> [Work order] Extract exactly and only the lines from the one containing "Retro kubek - jak emaliowany - podróż" through the end of the entries below. Pictures should not appear in the copy.

Items from a dataset:
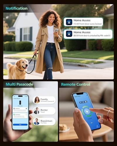 Built-in WiFi Smart Lock, Keyless Entry Door Lock with App, Touchscreen, Indicator Light, Fingerprint Door Lock — Compatible with Alexa & Google, Splash-Proof Design, Includes 8 Batteries
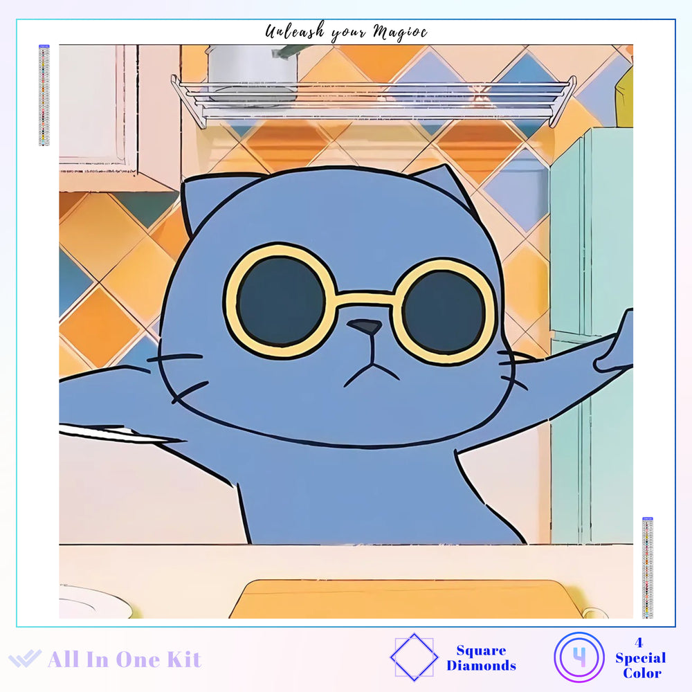 This sassy blue cat is rocking round shades like it’s nobody’s business and probably just burnt a soufflé—but with style.
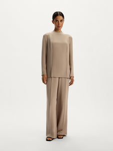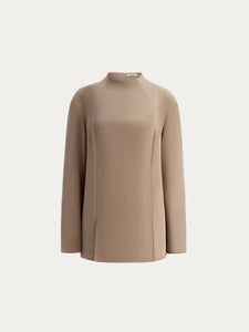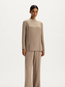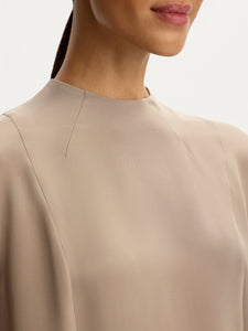 Crafted from Mulberry silk, this blouse features a minimalist panelled design with zips in the sleeves and front slits. Lined with silk chiffon, it showcases no visible seams for a polished look. The versatile collarless silhouette easily transitions from office days to special evenings.
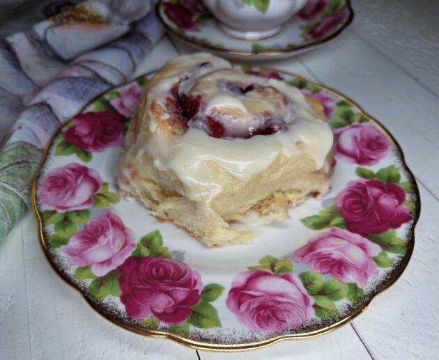 Soft Raspberry Rolls with Vanilla Cream Cheese Frosting
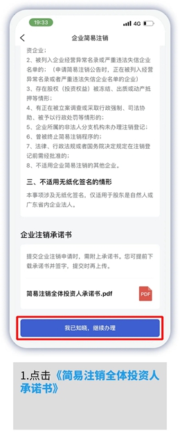 ⑤点击【提交公示】后,信息将自动同步至“国家企业信息信用公示系统”进行公示,公示期为20天。公示期间,企业可于粤商通APP查看公示进度和撤回公示。企业只有1次机会申请简易注销公示,如选择撤销将不能再次进行公示,无法再次办理简易注销登记手续。
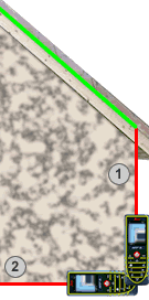 Altro dettaglio da non sottovalutare (almeno nel caso si necessiti di misurazioni precise) è la posizione che il misuratore laser dovrà mantenere per acquisire misure corrette. Per semplicità in tutte queste schede il DISTO viene raffigurato con un'immagine frontale, in realtà (ci riferiamo in particolare per le misurazioni inclinate) avremmo dovuto riportarlo con un'immagine laterale, perché è così che dovrà essere posizionato durante le misurazioni, per mantenere invariata la base di misura.
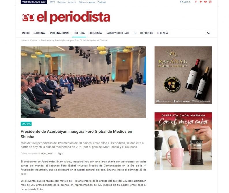 Moreover, Spain's "El Periodista" published the main thesis of the speech of Azerbaijani President Ilham Aliyev at the Shusha Global Media Forum. The article reflects the statements and opinions of the head of state about the new realities in the South Caucasus region and in the world, the situation in Karabakh at present, the Armenian minority living in this region, the work on demining the territories liberated from occupation, as well as the return of Azerbaijanis to their lands.
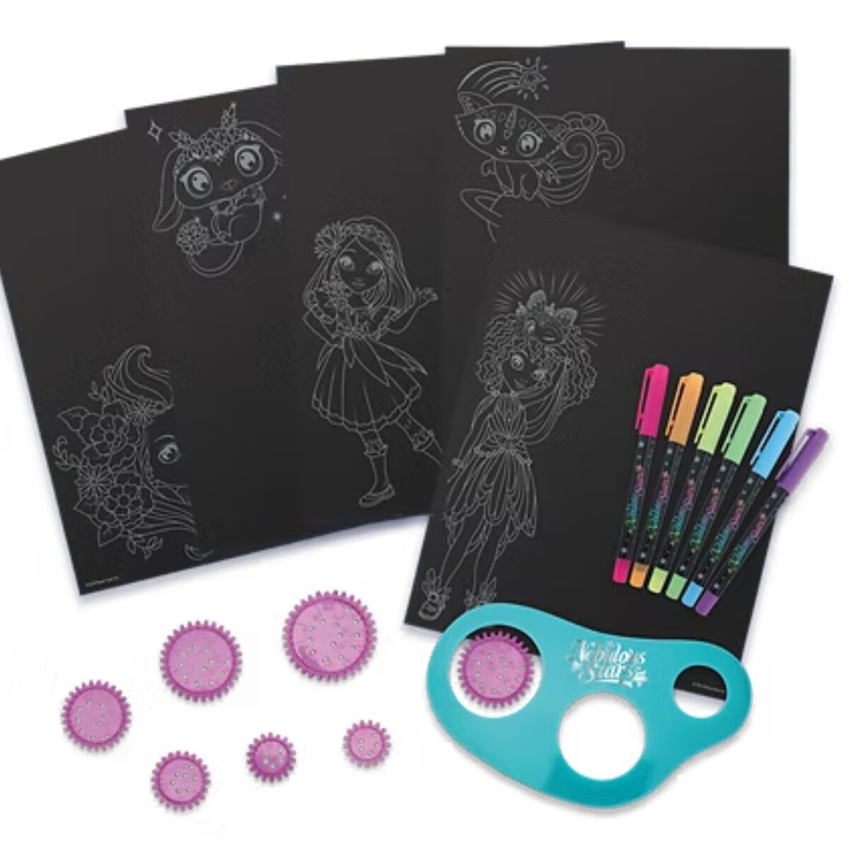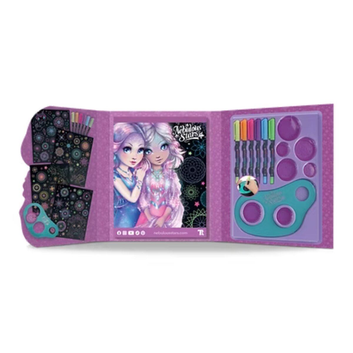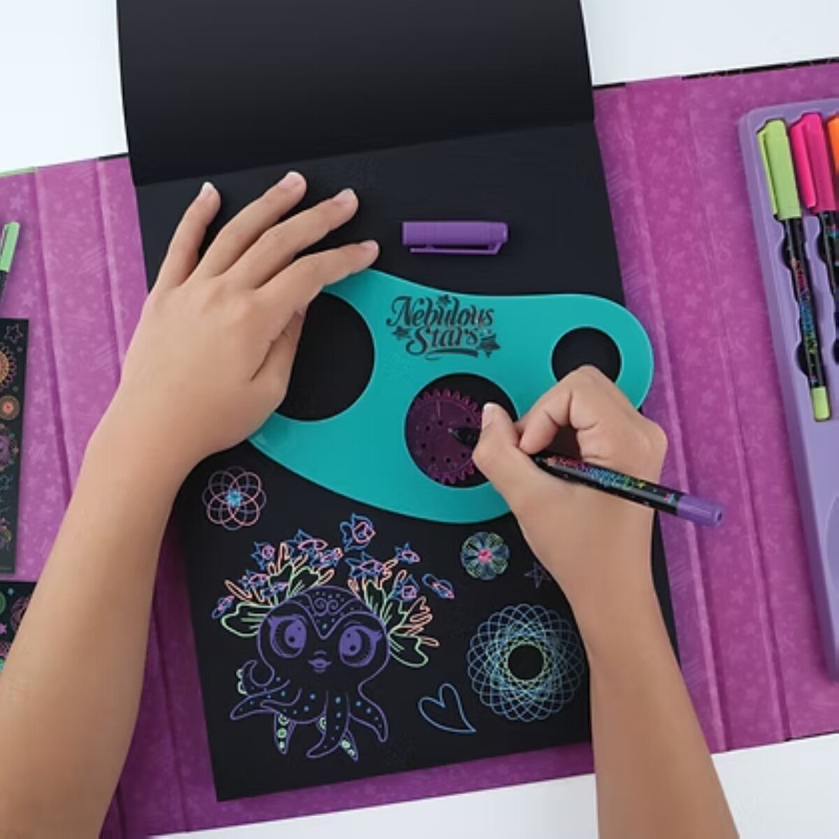 Das klassische Spiralen-Muster hebt ab in neue Sphären! Mit dem Swirl-Studio „Stars in Action“ erschaffst du leuchtende, galaktische Kunstwerke rund um deine Lieblingsstars – und das mit stylischen Neonfarben, schimmernden Stickern und jeder Menge Kreativität.
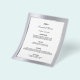An elegant, glamourous wedding or a wedding/ wedding anniversary menu. Templates for your names, date and the wedding menu. A faux silver and white frame and a chic, glamourous faux silver metallic looking background colour. Black coloured letters.
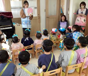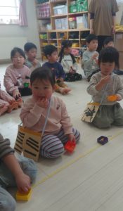 ふたば組さんが鬼と格闘している間にはな組とつぼみ組は『節分クイズ』をして『豆まき』の歌を歌いましたよ🎶
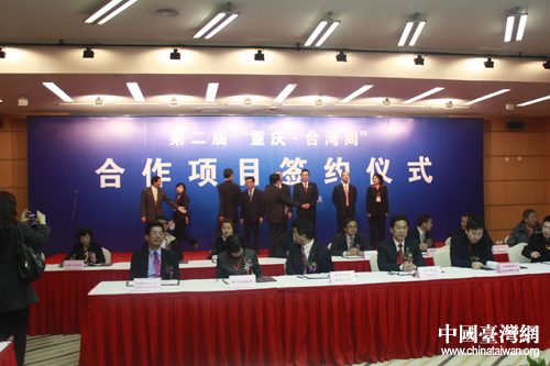 合作項(xiàng)目簽約儀式上渝臺(tái)雙方代表現(xiàn)場(chǎng)簽約。(中國(guó)臺(tái)灣網(wǎng) 程軼文攝)
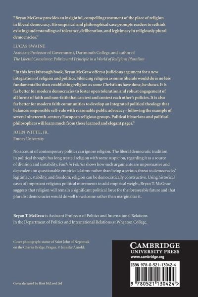 No account of contemporary politics can ignore religion. The liberal democratic tradition in political thought has long treated religion with some suspicion, regarding it as a source of division and instability. Faith in Politics shows how such arguments are unpersuasive and dependent on questionable empirical claims: rather than being a serious threat to democracies' legitimacy, stability and freedom, religion can be democratically constructive. Using historical cases of important religious political movements to add empirical weight, Bryan McGraw suggests that religion will remain a significant political force for the foreseeable future and that pluralist democracies would do well to welcome rather than marginalize it. Religion is often thought to be a serious threat to democracies' legitimacy, stability and freedom. Faith in Politics argues that religion can be democratically constructive and that arguments offered to the contrary are unpersuasive and dependent on questionableempirical claims.
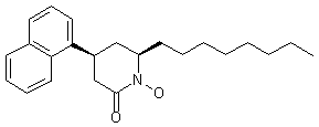 Treatment of 5-(1-naphthyl)cyclohexane-1,3-dione (I) with 2,2-dimethoxypropane and MeOH in the presence of p-toluenesulfonic acid provided enol ether (II). Condensation of (II) with n-octylmagnesium bromide in cold THF, followed by acidic treatment of intermediate (III) yielded enone (IV). The subsequent oxidative cleavage of (IV) with NaIO4 and a catalytic amount of ruthenium oxide gave ketoacid (V), which was converted into the oxime (VI) on treatment with hydroxylamine. Reduction of oxime (VI) with NaBH4 in AcOH gave the hydroxylamine (VII). Then, cyclization to the piperidone acid in the presence of silica gel in refluxing benzene, followed by chromatographic separation of the cis isomer, provided the target compound.
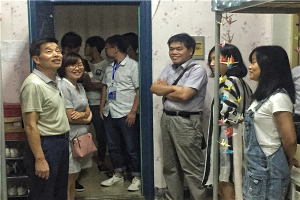 新学期伊始,为进一步了解同学们的返校情况、宿舍生活情况,tapplay官网院长徐建波,院党委书记万启常,副院长廖俊国、张会福、唐明董、胡勇华,院党委副书记曾治国,学工办主任吴成义、各年级辅导员老师在学生干部的陪同下走访了tapplay官网全体学生寝室。
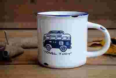 Retro kubek - jak emaliowany - podróż
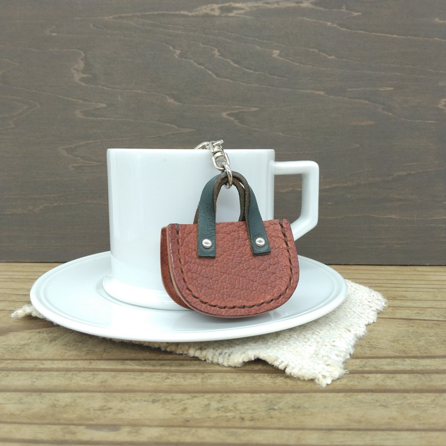 ●商品説明 ミニチュア鞄のバッグチャーム・キーホルダーです。定番物です。 一針一針丁寧に手縫いで縫って作っています。 明るい緑茶の革にレッドステッチが映えています。 鞄にぶら下げたり、鍵につけたり、プチギフトでも喜ばれます。 持ち手と金具がショルダーバッグの様で、本物の鞄ようにホックで開け閉めが出来きます。中に小銭(500円玉5,6枚)や薬やリングやピアス等をちょっとだけ入れられます。 ●サイズ たて35㎜×よこ45㎜×まち20㎜ ●購入の際の注意点 ハンドメイド商品のため、仕上がりに多少の個体差が生じます。革の仕入れロットによって色味が多少濃い薄いといった場合があります。画像の写り具合やお使いのブラウザによって少し色味が違って見える場合がございます。ご了承くださいませ。発送は簡易包装をしてゆうパケット便で発送になります。厚さを抑えるためかぶせを開いた状態での発送になります。
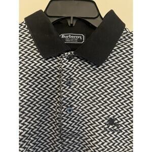 Vintage Burberry Short Sleeve Polo Shirt Houndstooth Chevron Mens Medium Cotton
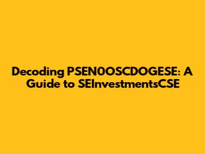 Decoding PSEN0OSCDOGESE: A Guide To SEInvestmentsCSE

> [Answer to this problem]
 Retro kubek - jak emaliowany - podróż
 ●商品説明 ミニチュア鞄のバッグチャーム・キーホルダーです。定番物です。 一針一針丁寧に手縫いで縫って作っています。 明るい緑茶の革にレッドステッチが映えています。 鞄にぶら下げたり、鍵につけたり、プチギフトでも喜ばれます。 持ち手と金具がショルダーバッグの様で、本物の鞄ようにホックで開け閉めが出来きます。中に小銭(500円玉5,6枚)や薬やリングやピアス等をちょっとだけ入れられます。 ●サイズ たて35㎜×よこ45㎜×まち20㎜ ●購入の際の注意点 ハンドメイド商品のため、仕上がりに多少の個体差が生じます。革の仕入れロットによって色味が多少濃い薄いといった場合があります。画像の写り具合やお使いのブラウザによって少し色味が違って見える場合がございます。ご了承くださいませ。発送は簡易包装をしてゆうパケット便で発送になります。厚さを抑えるためかぶせを開いた状態での発送になります。
 Vintage Burberry Short Sleeve Polo Shirt Houndstooth Chevron Mens Medium Cotton
 Decoding PSEN0OSCDOGESE: A Guide To SEInvestmentsCSE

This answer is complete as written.